Ecrit par François 7 février 2009 3 commentaires Imprimer Imprimer

L’intitulé de cet article pourrait surprendre, et pourtant… la Lorraine est connue depuis des siècles pour avoir été un territoire de passage, d’échanges, de rencontres et de cultures.

Façade de la Basilique Saint-Epvre de NancyLa basilique Saint-Epvre, qui vient d’être déshabillée de son échafaudage, bénéficie d’une illumination dynamique nocturne à la tombée de la nuit, proposant ainsi de redécouvrir cette belle façade (place Saint-Epvre à Nancy du 31 janvier jusqu’au 30 avril 2009).

Je vais donc m’attacher à illustrer ici ces échanges européens par un exemple pour le moins insolite puisqu’il s’agit de la Basilique probablement la plus connue de Nancy !

Historiquement, l’église  Saint-Epvre de Nancy était le symbole de la ville, dès le moyen-âge. En effet, cet édifice situé au centre de la ville-vieille en était également le beffroi et la tour de guêt. C’est du haut de Saint-Epvre que les nancéiens observaient les alentours en cas de siège et c’est également de là-haut qu’ils virent René II battre les troupes du Téméraire lors de la Bataille de Nancy en 1477 - date ô combien emblématique pour la destinée européenne d’alors.

Les vicissitudes du temps sont passées par là et l’édifice gothique fut mutilé de ses œuvres (une vierge de Léonard de Vinci y fut probablement volée sous l’occupation française, durant la guerre de trente ans). Les vitraux jugés trop sombres furent simplement supprimés au XVIII° siècle.

Après presque mille ans d’Histoire, et une réédification à la période gothique, c’est une église délabrée que contemplaient, au milieu du XIX°, les passants. La période était alors à l’aération des vieilles villes… et à la reconstruction.
L’église avait perdu son caractère symbolique au profit de la place Stanislas, mais deux curés et un architecte allaient lui donner un étonnant destin européen !

Ancienne église Saint-Epvre (Musée Lorrain)Imaginons un instant une église gothique presque vide depuis plus de cent ans, aux dimensions réduites et à l’insalubrité telle que la paroisse fut transférée aux Cordeliers dès le milieu du XIX° siècle.

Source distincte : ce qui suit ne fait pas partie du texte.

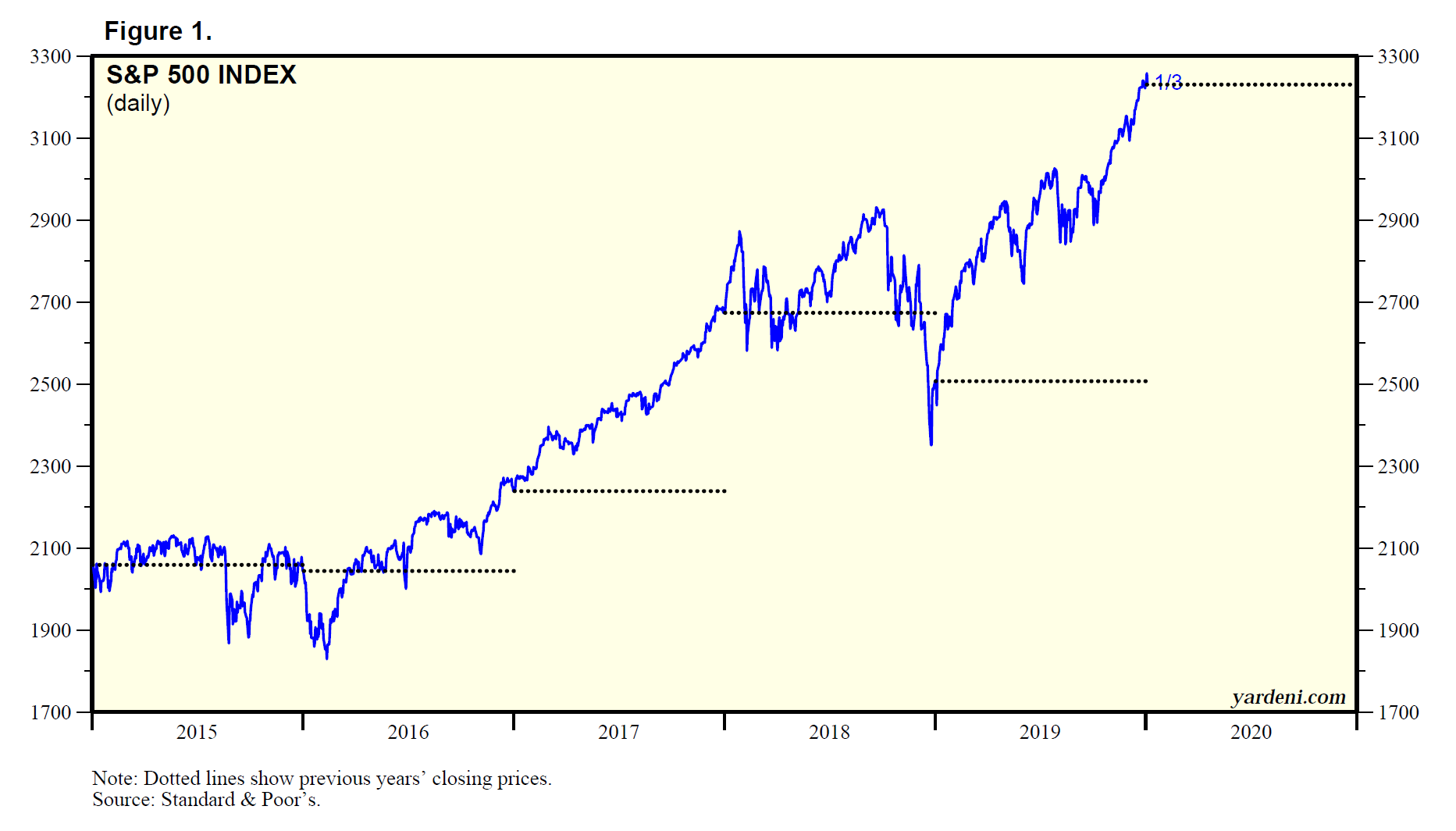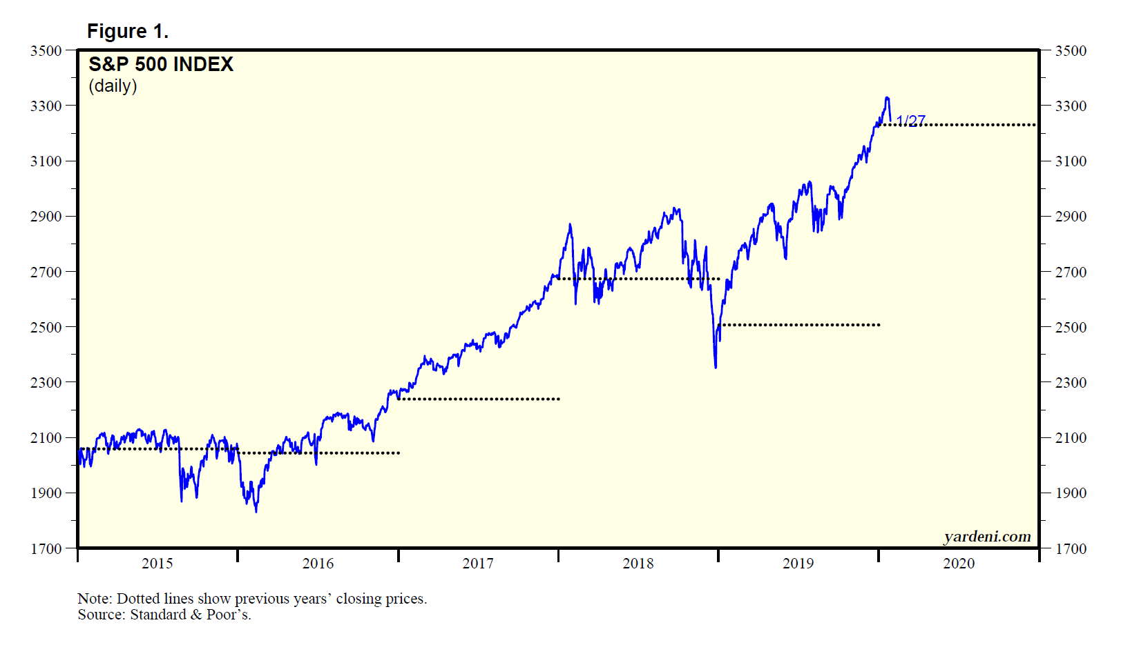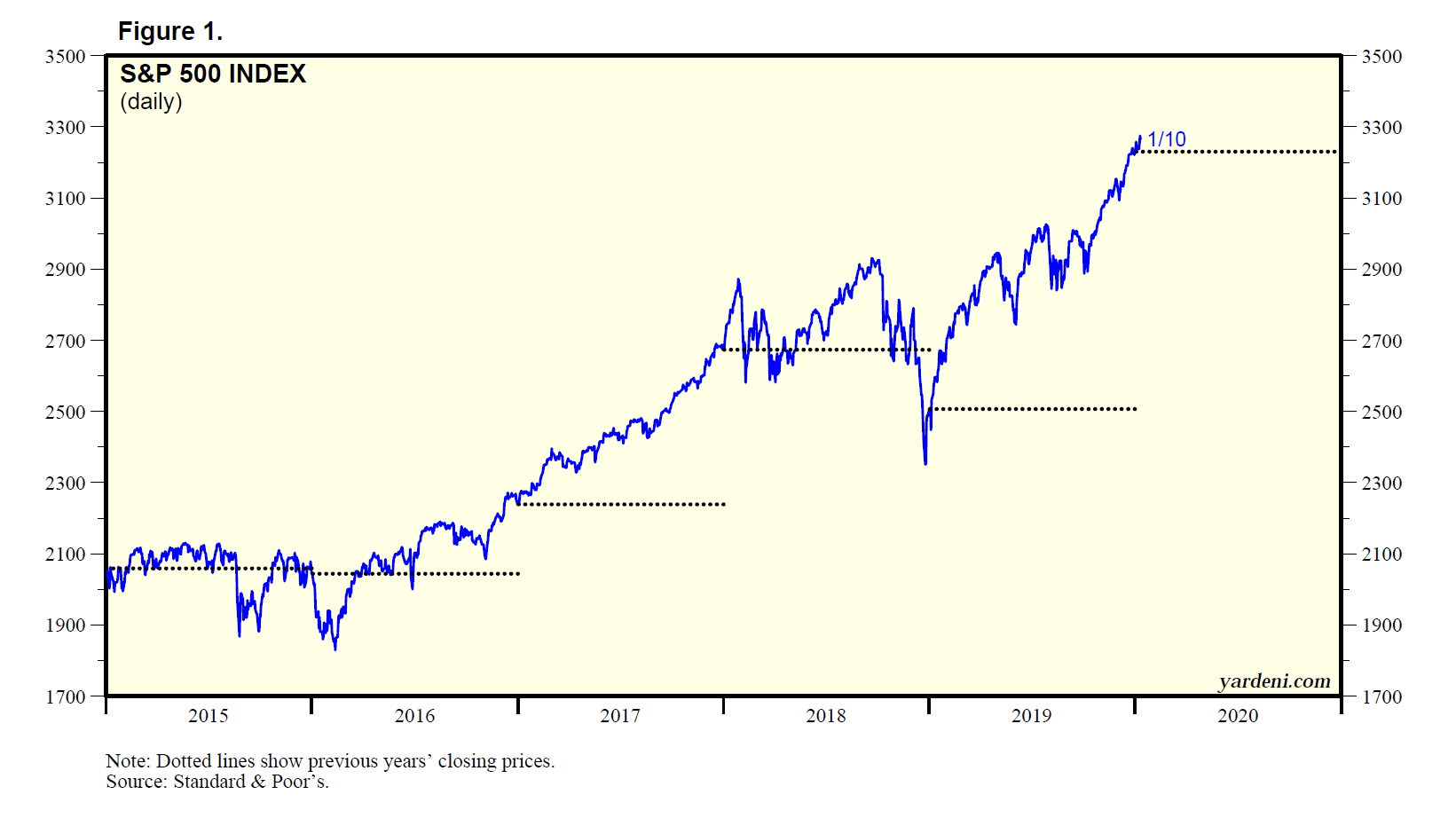 Strategy I: The Roaring ’20s or the Miserable ’70s? Well, that was certainly an interesting way to start a new year and a new decade. The S&P 500 stock price index jumped 0.8% on Thursday (1/2) to a new record high of 3257.85 (Fig. 1). But then, the index fell 0.7% on Friday (1/3). Thursday’s action might have been an early sign that the 2020s will be this century’s fearless Roaring ’20s. On the other hand, Friday’s selloff was a reminder that the current bull market is still prone to panic attacks—the latest one being a potential escalation of the military confrontation between US and Iran, at the same time as the trade war between the US and China seems to be deescalating.
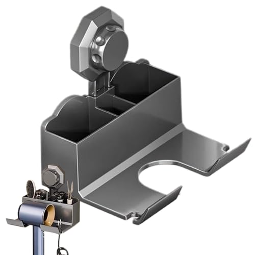 Hair Dryer Wall Holder - Wall Mounted Blow Dryer Stand | Multifunctional Hair Care Styling Tool Stand | Wall Organiser with Storage Compartment for Hair Dryer, Toiletries, Comb and Accessories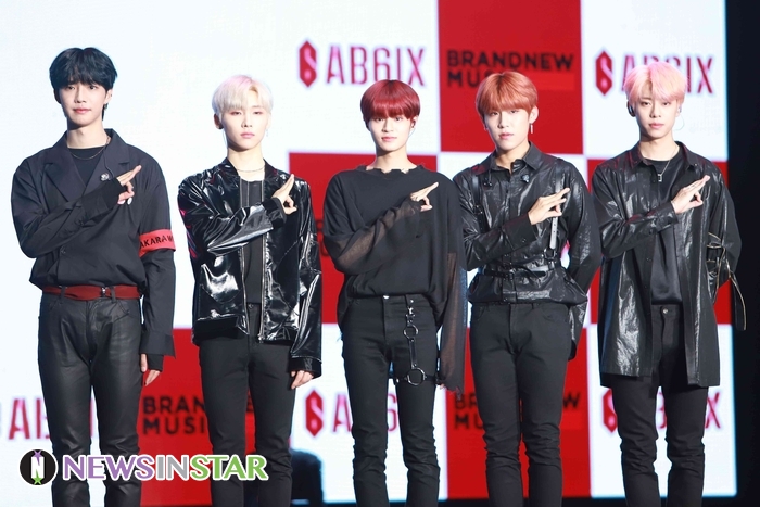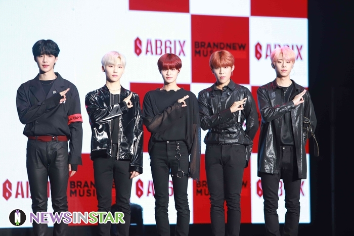 22일 서울시 송파구 방이동 올림픽공원 올림픽홀에서 보이그룹 AB6IX(임영민X김동현X이대휘X박우진X전웅)의 데뷔앨범 ‘B:COMPLETE’ 발매 기념 쇼케이스가 열려 단체 포토타임을 갖고 있다.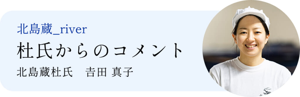 北島蔵の方は上立ち香にマスカットや洋ナシのような爽やかな香りを感じることができ、口に含んだときには、ジューシーな広がりがあるが、キレはとても良くスッキリきれいな味わいを目指します。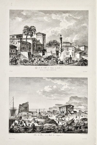 Vue de la ville de Palma en Sicile. (Insieme a sullo stesso foglio:) Vue du port ou mole de Girgenti .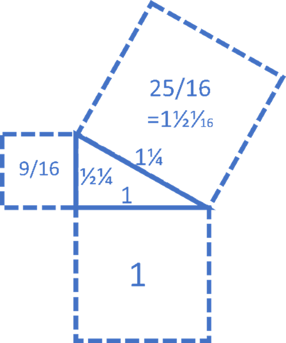 ❺ 두 정사각형의 넓이의 합은 ²⁵/₁₆ (=1 ½ ¹/₁₆) 입니다. 이 수치가 나오게 된 과정은 손상되어서 보이지 않는 것 같습니다. 여기서 ¼ 이라는 숫자가 잘못 추가되어 있는데 이것은 서기가 실수로 기록한 듯 합니다. 계속 이어서 이것의 제곱근은 1¼ 라고 설명하고 있고 지금까지의 과정을 그림으로 표현하면 다음과 같습니다.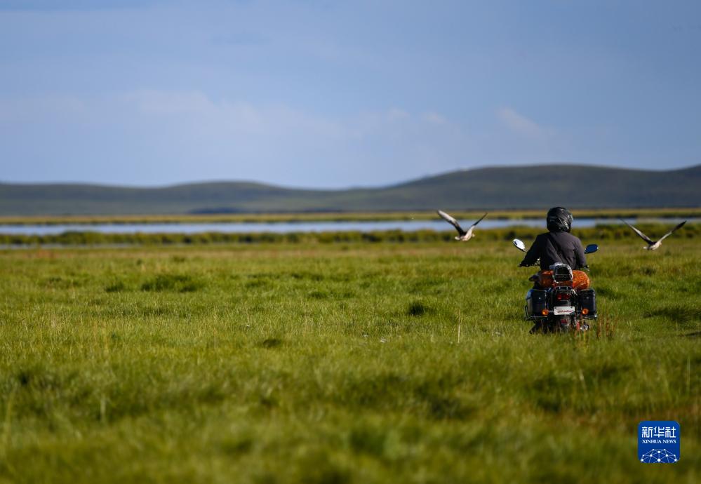 濕地生態(tài)管護員如科騎著(zhù)摩托車(chē)在四川省阿壩藏族羌族自治州若爾蓋縣花湖周?chē)膊椋?月22日攝)。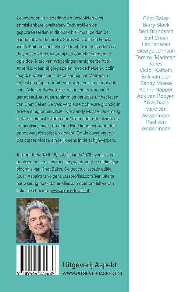 Ze woonden in Nederland en beschikten over onmiskenbare kwaliteiten. Toch trokken de geportretteerden in dit boek hier maar zelden de aandacht van de media. Soms was dat een keuze. Victor Kaihatu koos voor de luwte van de studio’s en de conservatoria, waar hij een complete generatie opleidde. Marc van Wageningen emigreerde naar Amerika, waar hij ging spelen met de helden uit zijn jeugd. Leo Janssen schoof aan bij het Metropole Orkest en ging er nooit meer weg. Er is ook aandacht voor Ack van Rooyen, die ooit in eigen land werd genegeerd, en twee schimmige periodes uit het leven van Chet Baker. De Valk verdiepte zich extra grondig in enkele emigranten onder wie Sandy Mosse. De ernstig zieke saxofonist kwam naar Nederland met uitzicht op euthanasie, maar zou er in kleine kring een reputatie opbouwen als solist en docent. Op de cover van dit boek staat Mosse eindelijk eens in de schijnwerpers.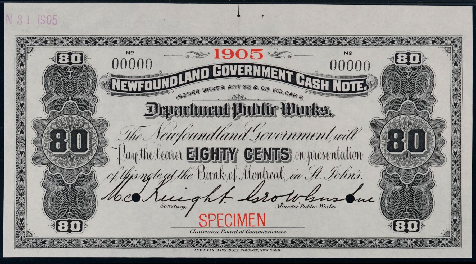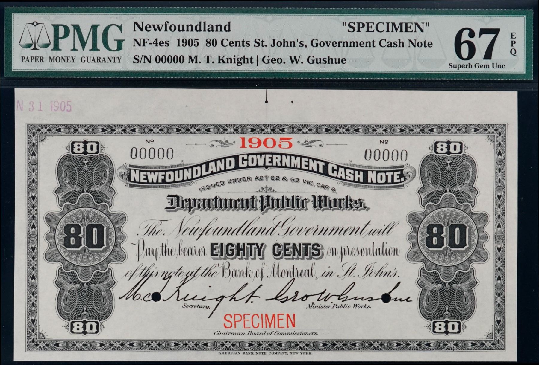 Nfld 1905 80¢ NF-4eS Specimen #00000 PMG Superb Gem Uncirculated-67EPQ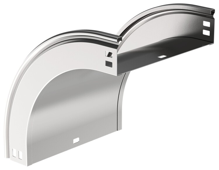 Поворот на 90° вертикальный внешний плавный предназначен для организации вертикального внешнего поворота кабельной трассы на 90°. Крышка аксессуара в комплект не входит. Аксессуар изготовлен из стали горячего цинкования методом Сендзимира (защитный слой цинка не менее 10 мкм).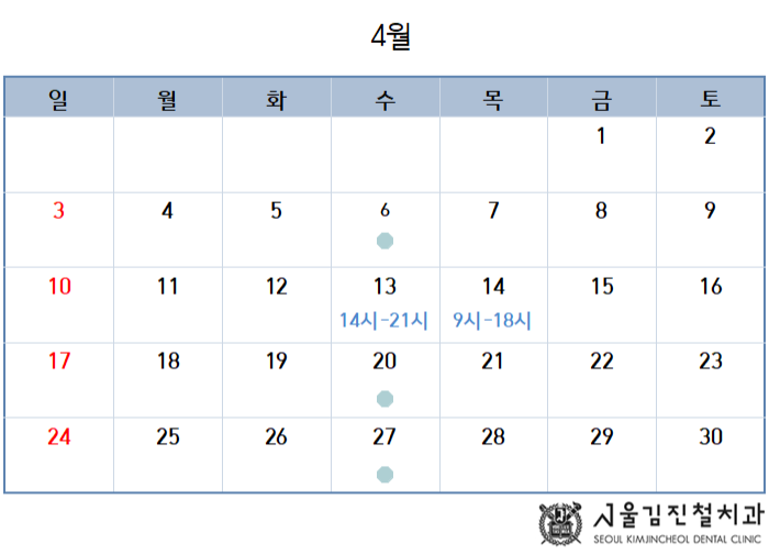 22년 4월 진료일정 안내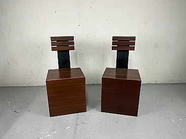 Pair of cubic metal and wood armchairs, 1980s

Dès 1862 un concours fut lancé pour construire un nouvel édifice, de nombreux projets plus ou moins fantasques furent présentés,  et c’est celui de l’architecte municipal Prosper Morey,  dont le style néo-gothique assurait l’intégration dans la ville-vieille, qui fut retenu.

La première pierre fut posée en 1864, sous la bienveillance de l’abbé Simon qui fut rapidement remplacé par l’abbé Trouillet. Face au chantier pharaonique et au coût du projet, c’est ce dernier qui instilla une destinée européenne à l’édification. En effet, la souscription lancée pour  financer le projet  restait insuffisante pour garantir  l’achèvement rapide de la future église. L’audacieux Abbé Trouillet contacta alors les grands d’Europe :

  • les familles régnantes, dont naturellement la famille impériale d’Autriche issue de la maison des Habsbourg-Lorraine, Napoléon III et Eugénie,  et même la Reine Victoria !
  • les dirigeants tels que le Maréchal Foch, et plus étonnant, le futur chancelier Bismarck, qui sera l’unificateur de l’Allemagne.
  • l’abbé ira même jusqu’à contacter le Pape Pie IX !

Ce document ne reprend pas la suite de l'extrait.